A further six valemaxes, 46 VLOCs, 17 standard capesizes, and two baby capesizes are slated to be delivered in 2019. A whopping 24.8m dwt comprising of three valemaxes, 79 VLOCs, 20 standard capesizes and eight baby capsizes has been ordered to be delivered in 2020, and deliveries of 8m dwt in 2021 has already been ordered.
“Because of delays and cancellations, Bimco expects that around 11.1m dwt will be added to the fleet in the rest of the year, followed by 20.4m dwt in 2020,” said Peter Sand, chief shipping analyst of Bimco.
And while demolition activities have risen, they have been insufficient to address the fragility of the market balance.

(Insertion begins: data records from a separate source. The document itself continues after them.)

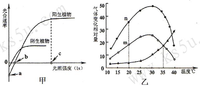⑷已知甲图是在乙图m点的条件下测得的曲线,如果在乙图的n点条件下再次进行测定,则c 点将向___________(“左”或“右”)移动。
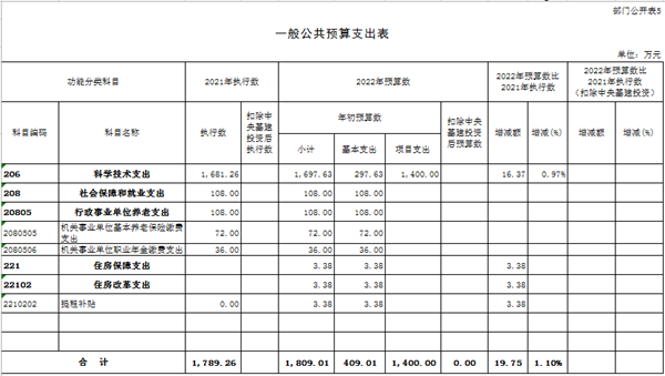 (一)科学技术支出2022年年初预算1697.63万元,比2021年执行数增加16.37万元,增加0.97%。主要原因是:2022年相关机构运行支出增加。
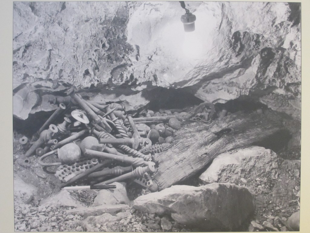자연 틈새 잔해 아래에서 발견된 짚으로 만든 돗자리에 싸인 이 유물에는 442점 유물이 담겨 있었다.

From January to April 2019, demolition of dry bulk ships was 120% higher than in the same period of 2018, with much of this increase coming from the scrapping of 18 capesize vessels with a total capacity of 3.4m dwt, up from 1.1m dwt in the previous corresponding period.

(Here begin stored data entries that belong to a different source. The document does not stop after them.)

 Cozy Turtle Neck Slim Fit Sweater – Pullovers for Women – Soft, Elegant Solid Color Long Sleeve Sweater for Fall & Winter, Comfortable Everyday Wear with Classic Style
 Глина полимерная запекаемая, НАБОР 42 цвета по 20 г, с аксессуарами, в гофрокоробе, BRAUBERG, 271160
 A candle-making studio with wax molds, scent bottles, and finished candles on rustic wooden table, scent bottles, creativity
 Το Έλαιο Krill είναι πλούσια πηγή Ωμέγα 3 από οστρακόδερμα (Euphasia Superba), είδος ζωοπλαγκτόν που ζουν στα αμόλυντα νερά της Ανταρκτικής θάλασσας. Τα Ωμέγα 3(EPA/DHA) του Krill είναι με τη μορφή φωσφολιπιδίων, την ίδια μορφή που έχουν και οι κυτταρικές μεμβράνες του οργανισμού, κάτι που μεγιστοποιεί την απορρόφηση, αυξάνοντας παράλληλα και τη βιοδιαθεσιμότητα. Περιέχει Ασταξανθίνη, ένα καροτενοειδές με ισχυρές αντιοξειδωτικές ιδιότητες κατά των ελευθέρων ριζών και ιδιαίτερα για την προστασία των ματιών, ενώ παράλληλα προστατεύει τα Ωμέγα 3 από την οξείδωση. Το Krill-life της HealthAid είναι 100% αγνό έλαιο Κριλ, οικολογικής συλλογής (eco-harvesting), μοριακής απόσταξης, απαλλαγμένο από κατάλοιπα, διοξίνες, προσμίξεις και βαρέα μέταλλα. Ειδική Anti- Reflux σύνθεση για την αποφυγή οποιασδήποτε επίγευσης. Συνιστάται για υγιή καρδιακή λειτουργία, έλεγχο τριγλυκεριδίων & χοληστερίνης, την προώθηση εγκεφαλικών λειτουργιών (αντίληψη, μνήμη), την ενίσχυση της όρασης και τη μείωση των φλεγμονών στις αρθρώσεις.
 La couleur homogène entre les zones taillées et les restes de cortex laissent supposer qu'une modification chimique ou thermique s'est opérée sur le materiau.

The positive effect of the higher demolition rates, however, were offset by reduced demand due to a few market shocks such as the dam collapse in Brazil, bad weather in Australia and the long term challenge of falling Chinese iron ore imports.
“Due to the falling demand for commodities traditionally carried by capesize ships, limiting fleet growth will become even more important if freight rates are to be profitable,” said Sand.

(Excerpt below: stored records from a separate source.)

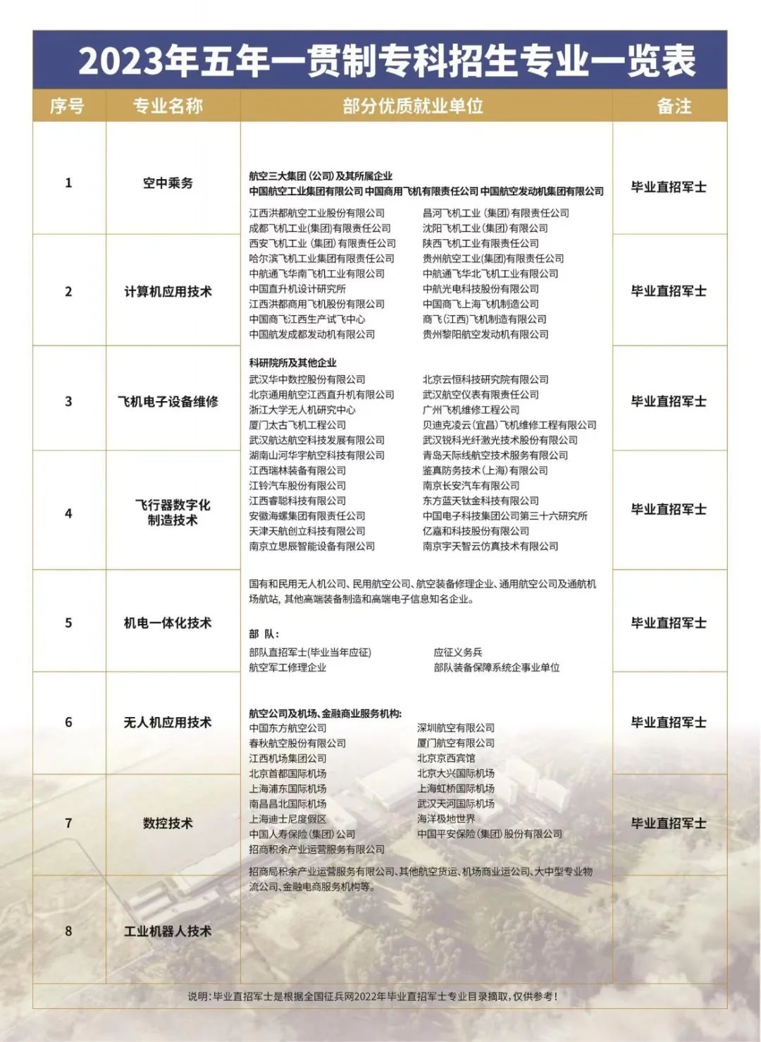 就业前景目前学校已形成了由中央航空企业、航天企业、装备制造业及航空公司等多家知名企业组成的稳定的就业基地。近五年来,毕业生就业率稳定在98%以上,每年约有70%的毕业生入职国企央企、入伍(军士、义务兵)、普通专升本升入本科,就业质量处于全省领先地位。
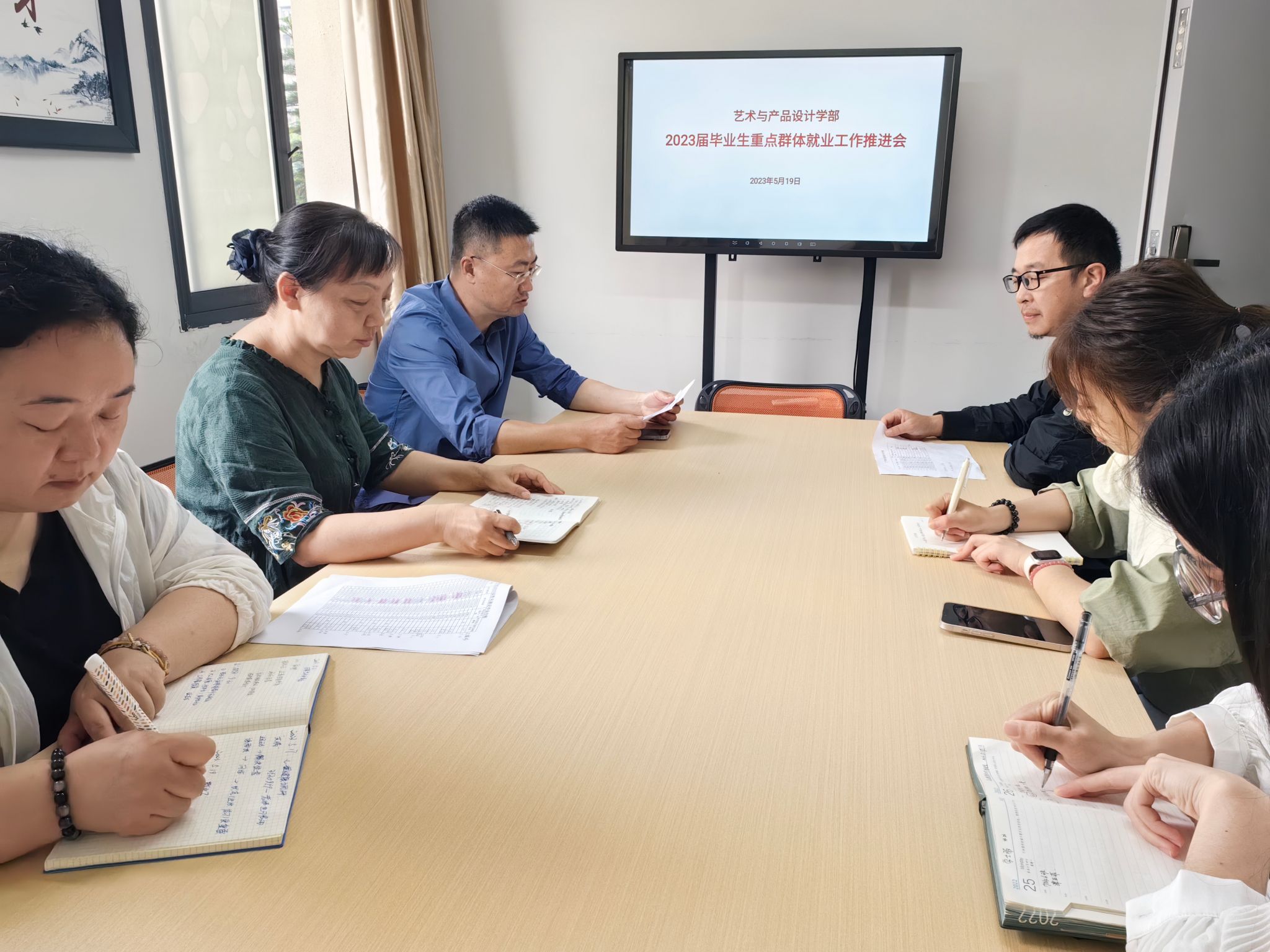 5月19日上午,艺产学部在B区行政楼201召开2023届毕业生重点群体就业工作推进会。会议由党总支书记文华主持。艺产学部党政领导及2023届毕业生辅导员参加了此次会议。
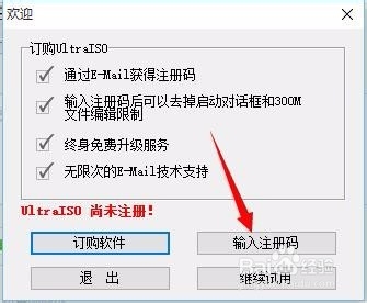 2、安裝完成之后我們需要輸入注冊(cè)碼才能使用UltraISO,因?yàn)檫@是一款收費(fèi)的軟件,點(diǎn)擊右邊的輸入注冊(cè)碼然后點(diǎn)擊確定即可,之后再重新打開(kāi)UltraISO軟件就可以使用了。
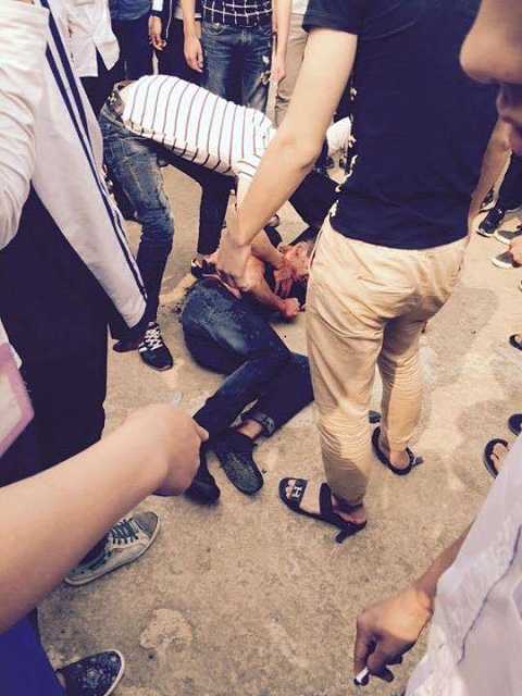 | Hình ảnh một nam sinh bị đâm gục ngay trong trường học gây xôn xao dư luận. |
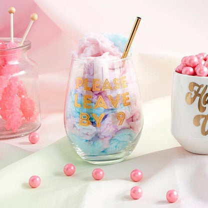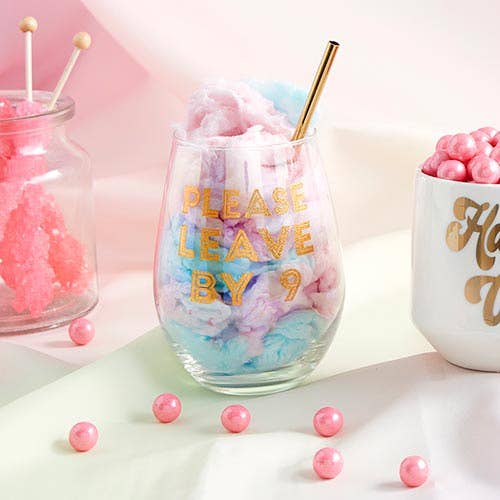 Celebrate in style with this cute and fun stemless wine glass! • Please Leave by 9 • Traditional size

Capesize earnings have averaged $8,079 per day since the start of the year, a loss making level with Bimco estimating that a capesize ship needs to earn around $15,300 per day to be able to cover daily costs.
Even as demolition activity may rise somewhat with the upcoming implementation of the IMO 2020 fuel sulphur cap and the Ballast Water Convention, the market for large dry bulk ships is likely to face continued pressure as there is little potential for substantial growth on the demand side, Sand noted.
On the other hand, prospects for dry bulk ships smaller than capsizes are less concerning as the market conditions are more stable, according to Sand. Despite some disruption to trade lanes due to the trade war, the markets for these smaller ships face fewer disruptions on both the demand and supply side.